The processes provided by the present disclosure are not inherently
related to any particular computer or other specific apparatus. In
particular, various general-purpose machines find use with programs
written in accordance with the teachings herein. However, in some
embodiments, a specialized apparatus is constructed to perform the
required method operations. One embodiment of a particular
structure for a variety of these machines is described below.
[0310] In addition, certain embodiments of the present disclosure
relate to computer readable media or computer program products that
include program instructions and/or data (including data
structures) for performing various computer-implemented operations.
Examples of computer-readable media include, but are not limited
to, magnetic media such as hard disks; optical media such as CD-ROM
devices and holographic devices; magneto-optical media; and
semiconductor memory devices such as flash memory. Hardware devices
such as read-only memory devices (ROM) and random access memory
devices (RAM) may be configured to store program instructions.
Hardware devices such as application-specific integrated circuits
(ASICs) and programmable logic devices (PLDs) may be configured to
store program instructions and execute. It is not intended that the
present disclosure be limited to any particular computer-readable
media or any other computer program products that include
instructions and/or data for performing computer-implemented
operations.
[0311] Examples of program instructions include, but are not
limited to low-level codes such as those produced by a compiler,
and files containing higher level code that may be executed by the
computer using an interpreter. Further, the program instructions
include, but are not limited to machine code, source code and any
other code that directly or indirectly controls operation of a
computing machine in accordance with the present disclosure. The
code may specify input, output, calculations, conditionals,
branches, iterative loops, etc.
[0312] In one illustrative example, code embodying methods
disclosed herein are embodied in a fixed media or transmissible
program component containing logic instructions and/or data that
when loaded into an appropriately configured computing device
causes the device to perform a simulated genetic operation (GO) on
one or more character string(s). FIG. 4 shows an example digital
device 800 that is a logical apparatus that can read instructions
from media 817, network port 819, user input keyboard 809, user
input 811, or other inputting means. Apparatus 800 can thereafter
use those instructions to direct statistical operations in data
space, e.g., to construct one or more data set(s) (e.g., to
determine a plurality of representative members of the data space).

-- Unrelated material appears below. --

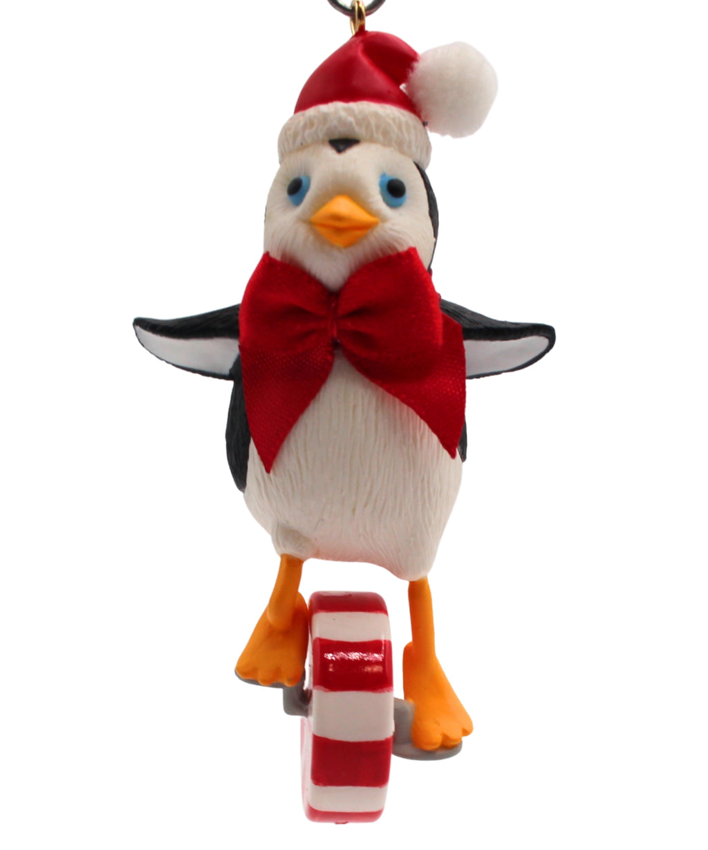 This little penguin may be the hit of the parade. He is riding a unicycle that has a wheel made out of a peppermint candy. It is red and white. The penguin has a Santa Claus hat and a red bow.

One type of logical apparatus that can embody disclosed embodiments
is a computer system as in computer system 800 comprising CPU 807,
optional user input devices keyboard 809, and GUI pointing device
811, as well as peripheral components such as disk drives 815 and
monitor 805 (which displays GO modified character strings and
provides for simplified selection of subsets of such character
strings by a user. Fixed media 817 is optionally used to program
the overall system and can include, e.g., a disk-type optical or
magnetic media or other electronic memory storage element.

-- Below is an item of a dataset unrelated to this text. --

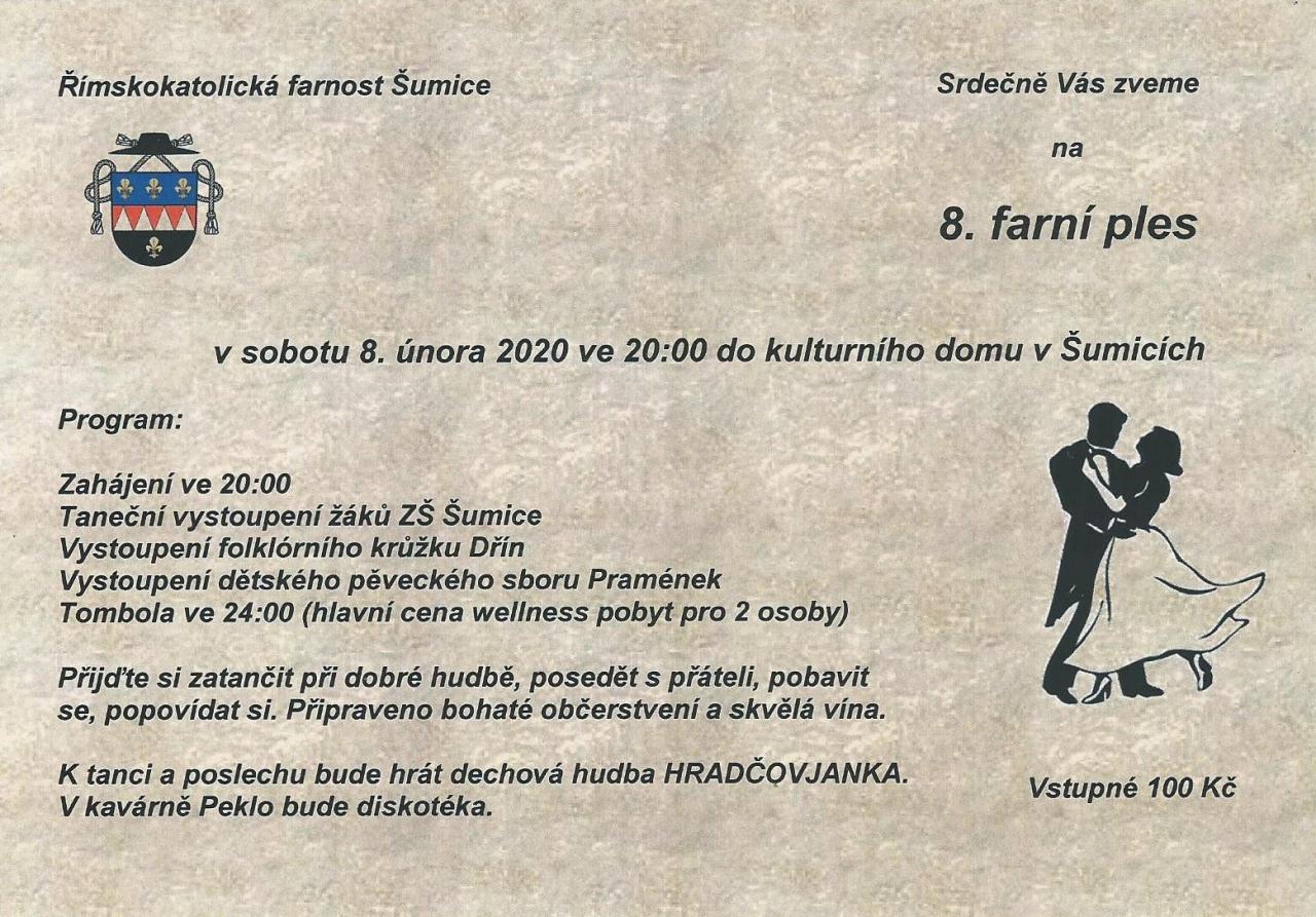 Římskokatolická farnost Šumice Vás srdečně zve na 8. farní ples, který se koná v sobotu 8. února 2020 v sále kulturního domu v Šumicích.

Communication port 819 can be used to program the system and can
represent any type of communication connection.
[0313] Certain embodiments can also be embodied within the
circuitry of an application specific integrated circuit (ASIC) or
programmable logic device (PLD). In such a case, the embodiments
are implemented in a computer readable descriptor language that can
be used to create an ASIC or PLD. Some embodiments of the present
disclosure are implemented within the circuitry or logic processors
of a variety of other digital apparatus, such as PDAs, laptop
computer systems, displays, image editing equipment, etc.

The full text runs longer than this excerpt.